ToughDaddy · 05/07/2008 18:40

my wife has done both. The SAHM and the working moms sneer at each other. There is no "right" answer! We notice that often, those who are insecure about their own choice, are the ones keenest to criticise people who make different choice. My own view is that children benefit in different ways from SAHM and working parents.

My own mom has nearly 10 children and she worked her entire life (until recently). None of us think that we have missed out.

policywonk · 05/07/2008 18:56

findtheriver, some of your posts have implied quite strongly that you think that the best way to find fulfillment and satisfaction is to have paid employment. In my opinion at least, that is a pretty materialistic outlook. I have an enormously fulfilled life, and I'm not paid a bean, and have absolutely no status so far as most people are concerned.

I think it's a shame to raise children to believe that there is more 'value' (however you measure it) in paid employment than there is in self-fulfillment, day-to-day life with pre-school children and active involvement in your community. (Of course, it's possible to all of these things if that's what floats your boat.)

policywonk · 05/07/2008 19:07

'I work for all sorts of reasons: because i do a worthwhile and interesting job.' - Well, yes, I think I do an interesting and worthwhile job too, believe it or not. 'Because there is a big wide world out there and I want to be part of it.' - whereas SAHPs are cloistered agoraphobics? I have rarely felt less involved in the 'big wide world' than when I was metaphorically tethered to a desk, staring listlessly at a screen and doing someone else's bidding all day long.

Any parent who is better suited to paid work than to full- or part-time childcare should absolutely do that, no questions asked. But yet again on MN, we are seeing a pretty poisonous mess of assumptions about the kind of parent who makes the choice to stay at home.

LittleMyDancing · 05/07/2008 19:44

To be fair, I think there have been assumptions on both sides of the fence, policywonk.

It does come down to individual priorities, situations and beliefs - the bit where it gets nasty is where it is implied that those who choose one way or the other are somehow not doing the best for their children, or are driven solely by materialism, or are freeloading off their partners.

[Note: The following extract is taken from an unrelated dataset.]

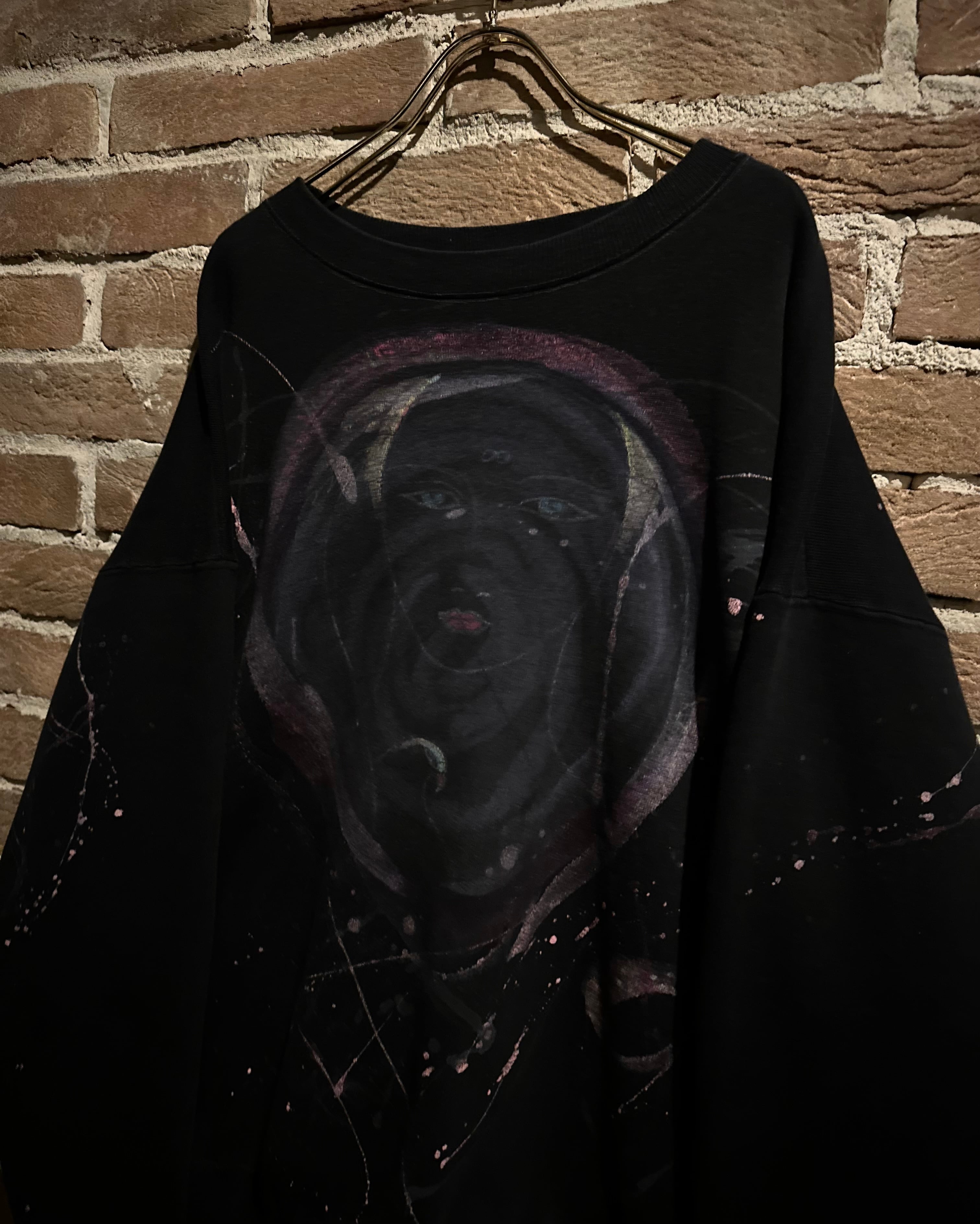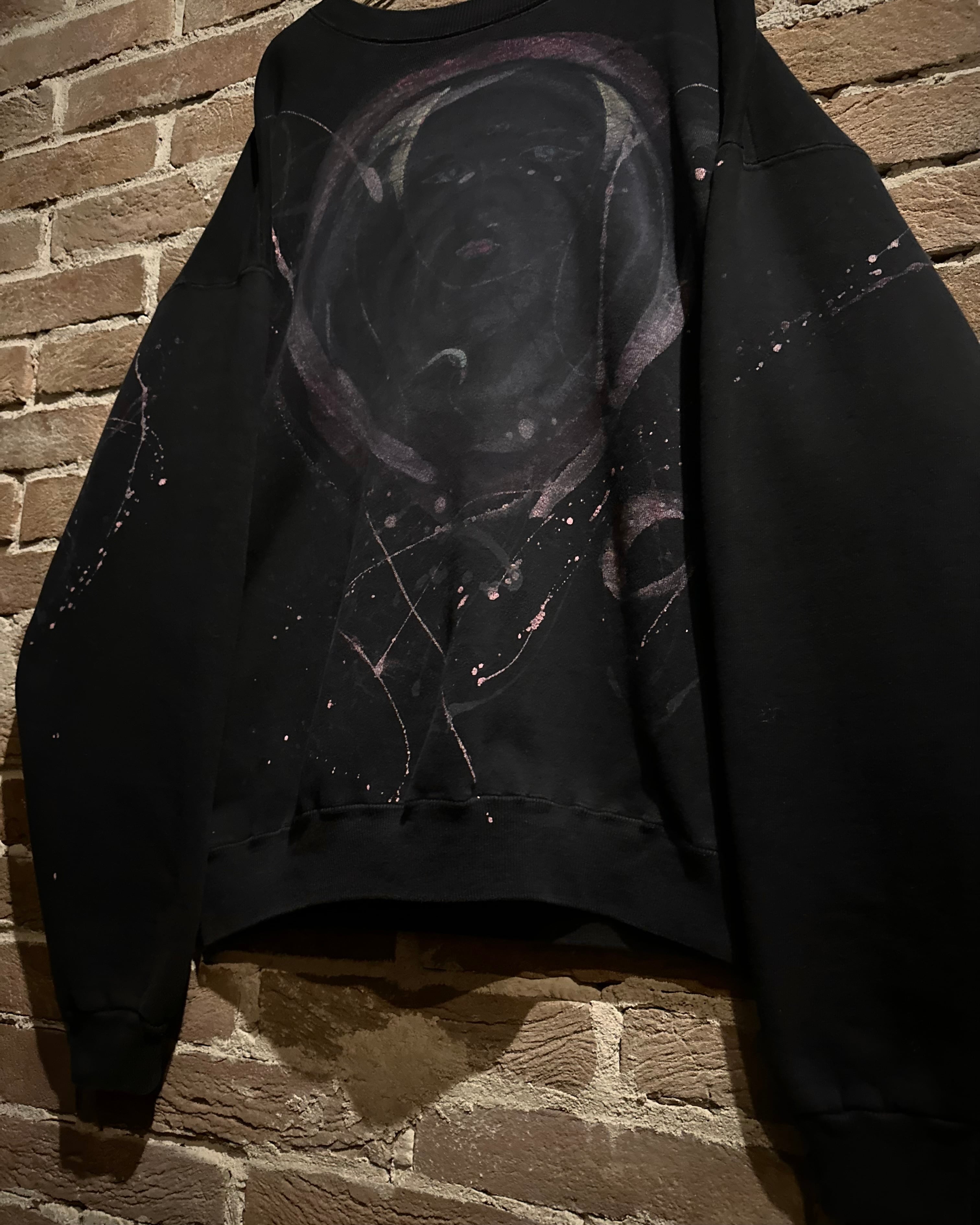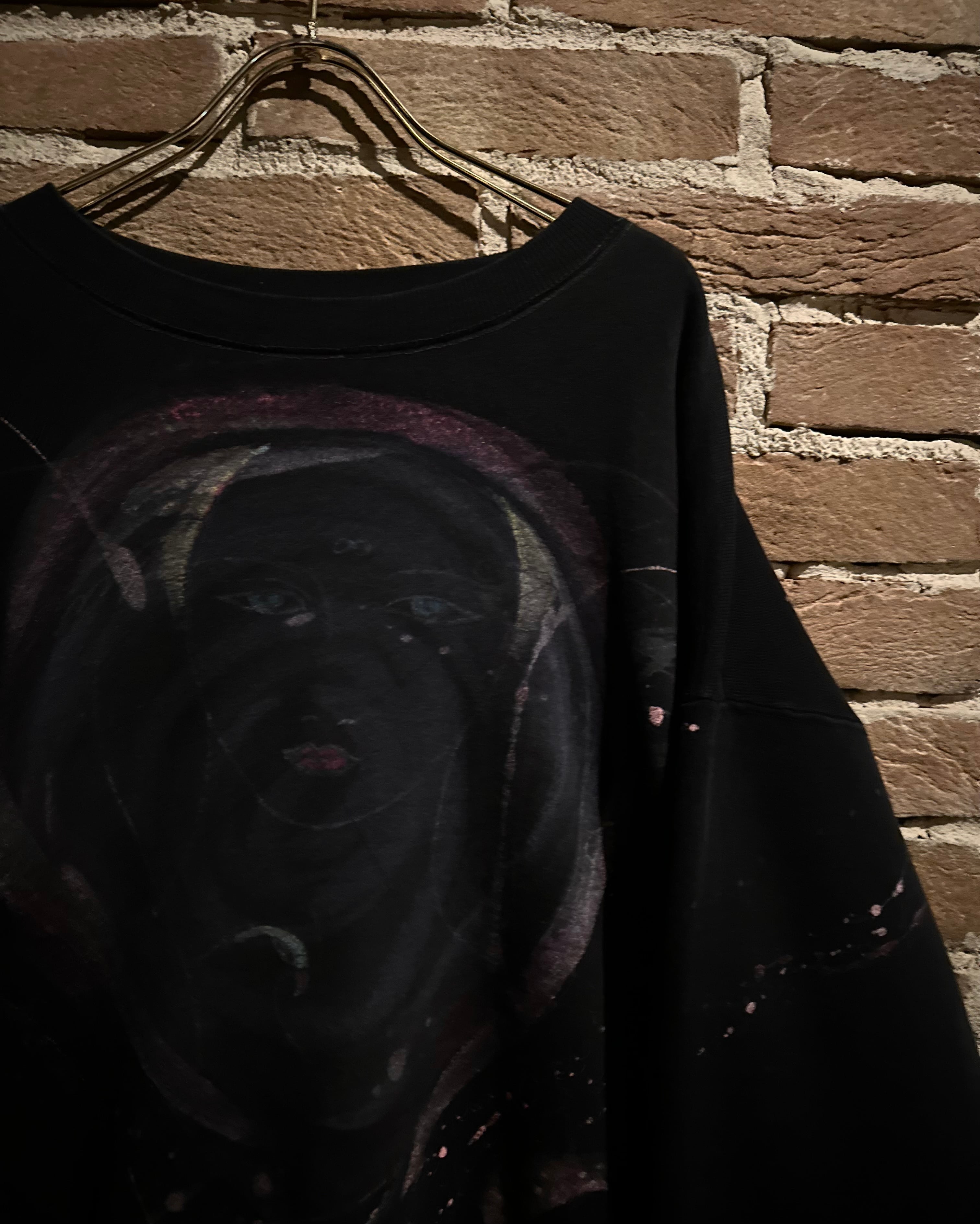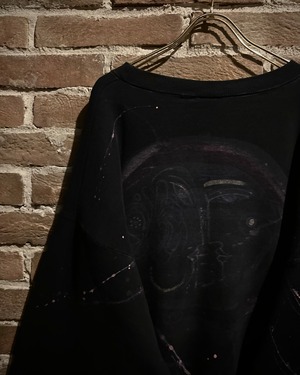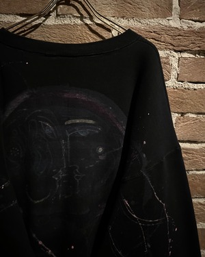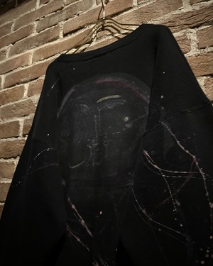 ブラックボディをベースに、フロントには抽象的かつ幻想的なフェイスモチーフをハンドペイントで載せたスペシャルなスウェット。

There are rubbish WOHMs just as there are rubbish SAHMs, and good WOHMs and good SAHMs - being one or the other doesn't necessarily mean that your child will be happier or that you're a better parent.

A child doesn't have to have you around all the time to be happy - but it does need to have parents who make the effort to be involved and loving towards their children. That's all we're all striving for at the end of the day, and none of us have any right to judge each other's choices, because we don't know their children, their families, their financial situation, or what makes them tick.

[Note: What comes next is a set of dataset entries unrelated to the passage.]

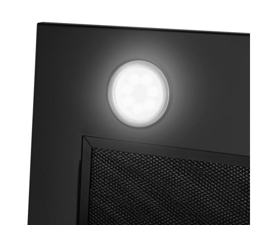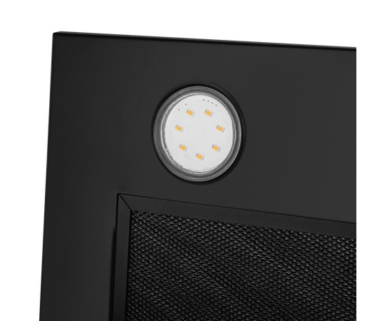 Кнопочная система управления вытяжки позволяет выбрать один их 3-х режимов работы и включить подсветку. Освещение рабочей поверхности обеспечивается 2-мя мощными светодиодными светильниками (3 Вт).
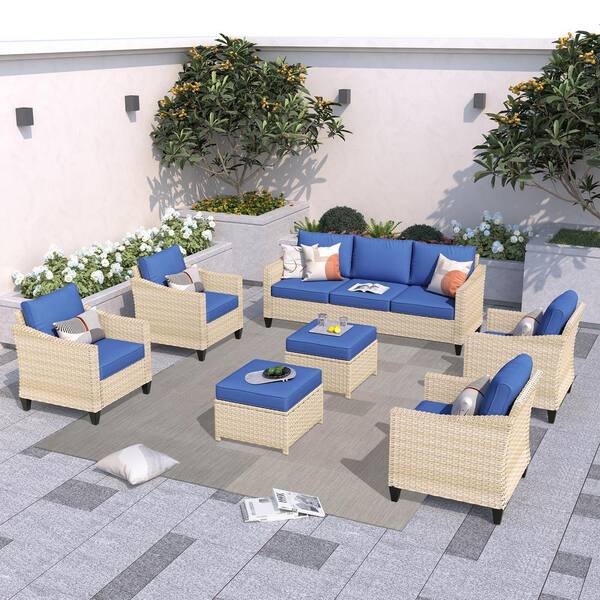 Athena Biege 7-Piece Wicker Outdoor Patio Conversation Seating Set with Navy Blue Cushions
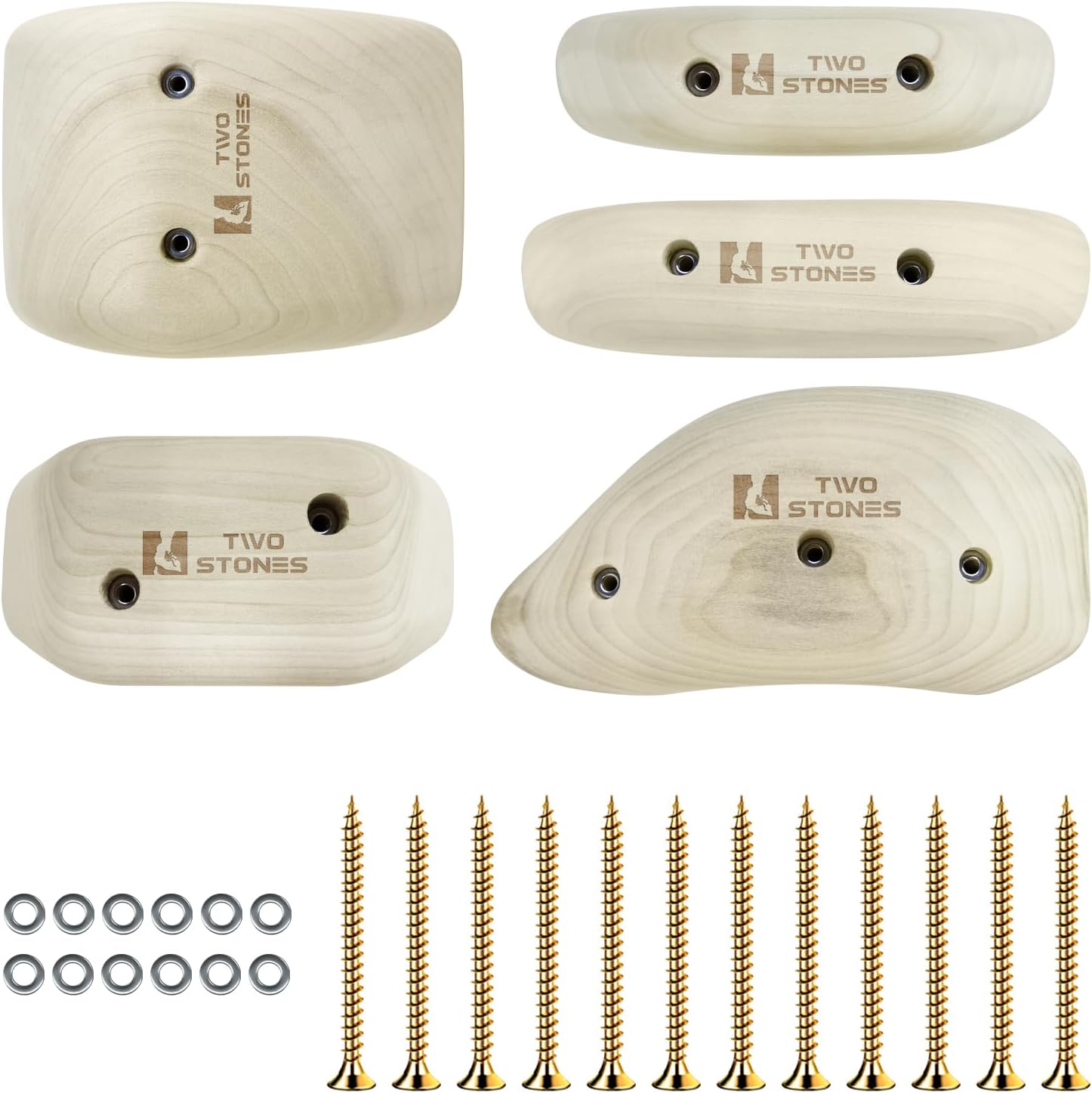 TWO STONES Wooden Rock Climbing Holds for Adults | Wood Rock Wall Climbing Holds | Variety Screw On Climbing Hold Grips Set with Mounting Hardware (HD5in1-B)
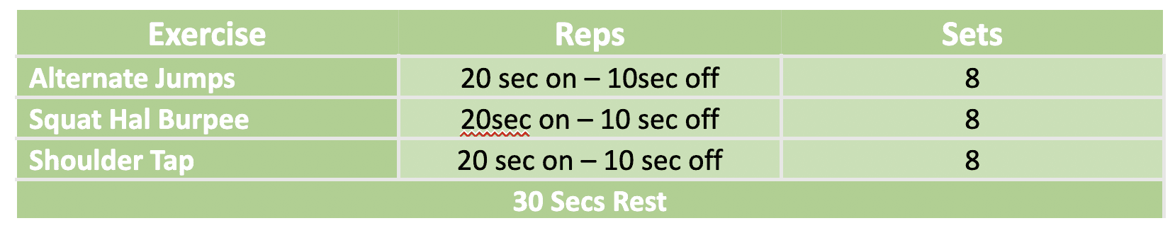 Tabata: The toughest 4 min workout you’ll ever do. Follow 20 secs of maximum effort with 10 secs of rest. Repeat 8 times.
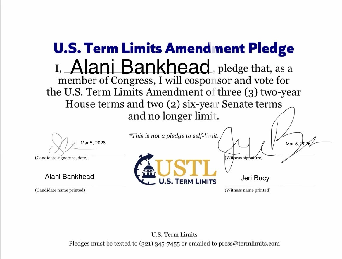 The U.S. Term Limits amendment pledge is provided to every announced candidate for federal office. It reads, “I pledge that as a member of Congress, I will cosponsor and vote for the U.S. Term Limits amendment of three (3) House terms and two (2) Senate terms and no longer limit.”
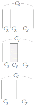 (3)(5):静電容量について固体誘電体を挿入したときのA-P間,P-Q間,Q-B間の静電容量を各々Cx,Cy,Czとおくと, C0は右図のようにCx,Cx,Czが直列に接続されているのと同じになるから =++ C1は右図のようにCx,Cy,Czが直列に接続されているのと同じになるから =++ C2は右図のようにCx,Czが直列に接続されているのと同じになるから =+0+ ここで,極板間を誘電率ε(比誘電率εr (εr>1))の誘電体で満たしたときは C=ε =ε0εr の公式により Cy=ε0εr >ε0 =Cx よって 0<< したがって << C0<C1<C2 →(3)(5)はいずれも真 |
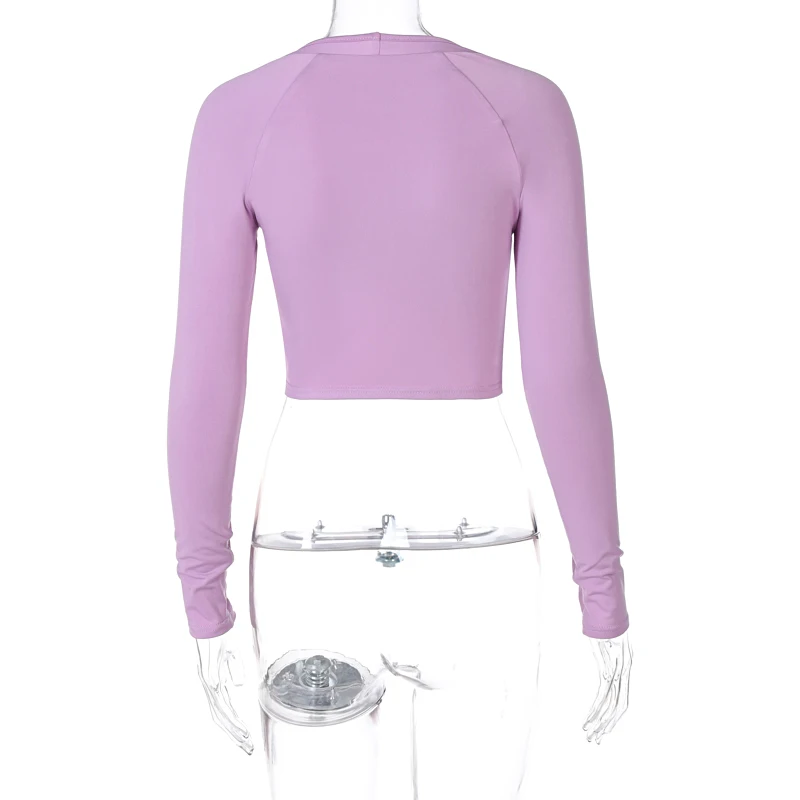 Женский пуловер, Однотонная футболка с V-образным вырезом и длинным рукавом, укороченный топ на лето-осень, черный, фиолетовый, оранжевый, кофейный

Children need to learn that families come in all shapes and sizes, with all the permutations of work/notwork, and that what matters isn't the amount of money involved or how often mum or dad is at home, but how much love and support exists in that family.

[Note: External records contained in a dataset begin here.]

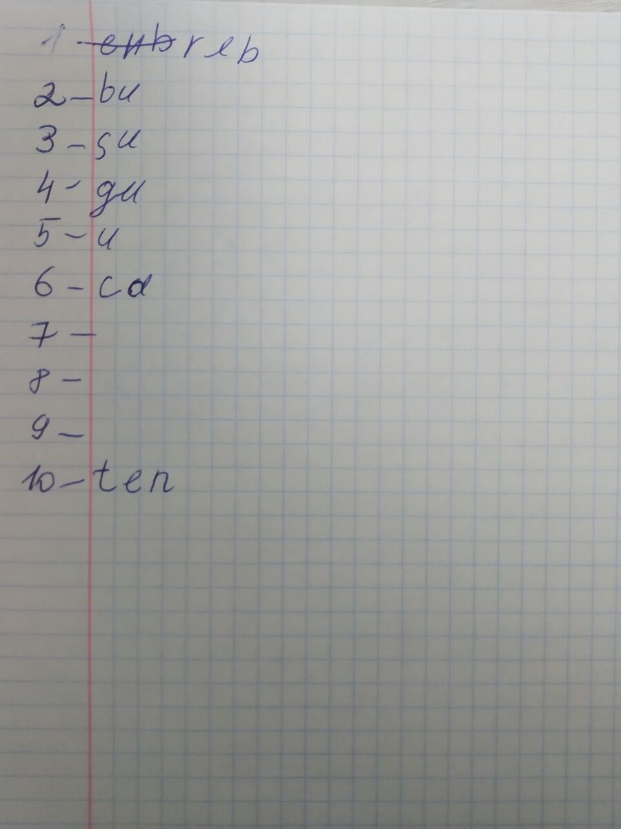 Начали с тех, что пишутся и читаются по правилам: five, six, seven, nine, ten. Написали, разобрали, еще раз написали.
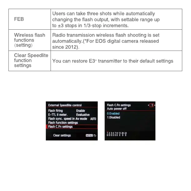 3.1 Select[Flash C.Fn settings]or[External ash C.Fn setting]
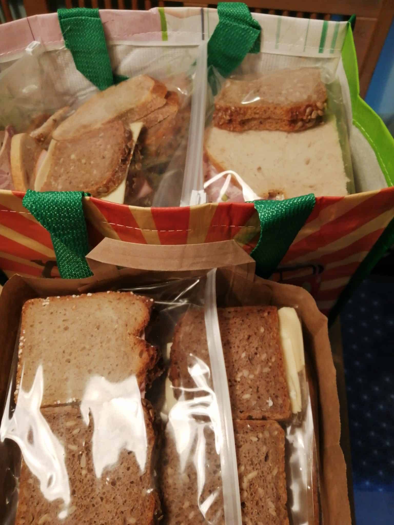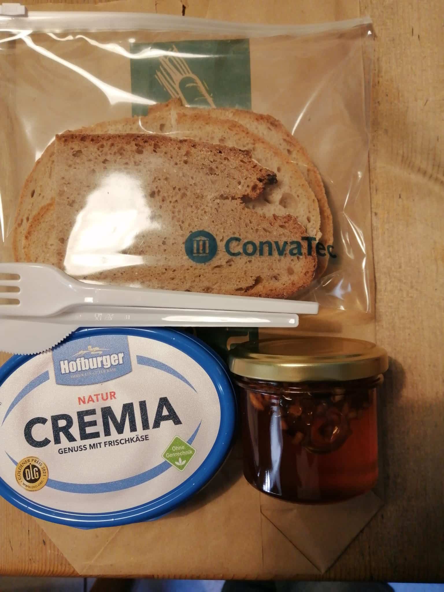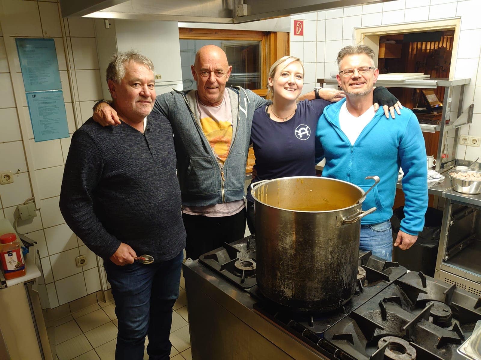 Renate brachte uns belegte Brote und Frühstückstüten mit Brot, Honig und Frischkäse. Gaby G. bereitete eine Erbsensuppe zu. Petra steuerte weitere belegte Brote bei. Cindy kochte eine kräftige Hühnersuppe.

The most important thing is that we stop beating ourselves, and each other, up for our choices. We all do our best, and that's the end of it.

So nerrrrr.

KatieDD · 05/07/2008 19:48

She could cut down on the clothes buying habit though, probably needs the 5 bedrooms to house all the crap she buy's.
YANBU, to think it but I've long since learnt to keep my mouth shut, generally people like that don't like hearing home truths about putting keep up the capitalist ideal before the welfare of the latest accessory, sorry the baby.

expatinscotland · 05/07/2008 20:02

'YANBU, to think it but I've long since learnt to keep my mouth shut, generally people like that don't like hearing home truths about putting keep up the capitalist ideal before the welfare of the latest accessory, sorry the baby. '

Just because someone sees life differently from you, has a different perspective or even different goals - there's nothing illegal or even immoral about the goal of making lots of money if you come by it honestly - doesn't mean they're wrong.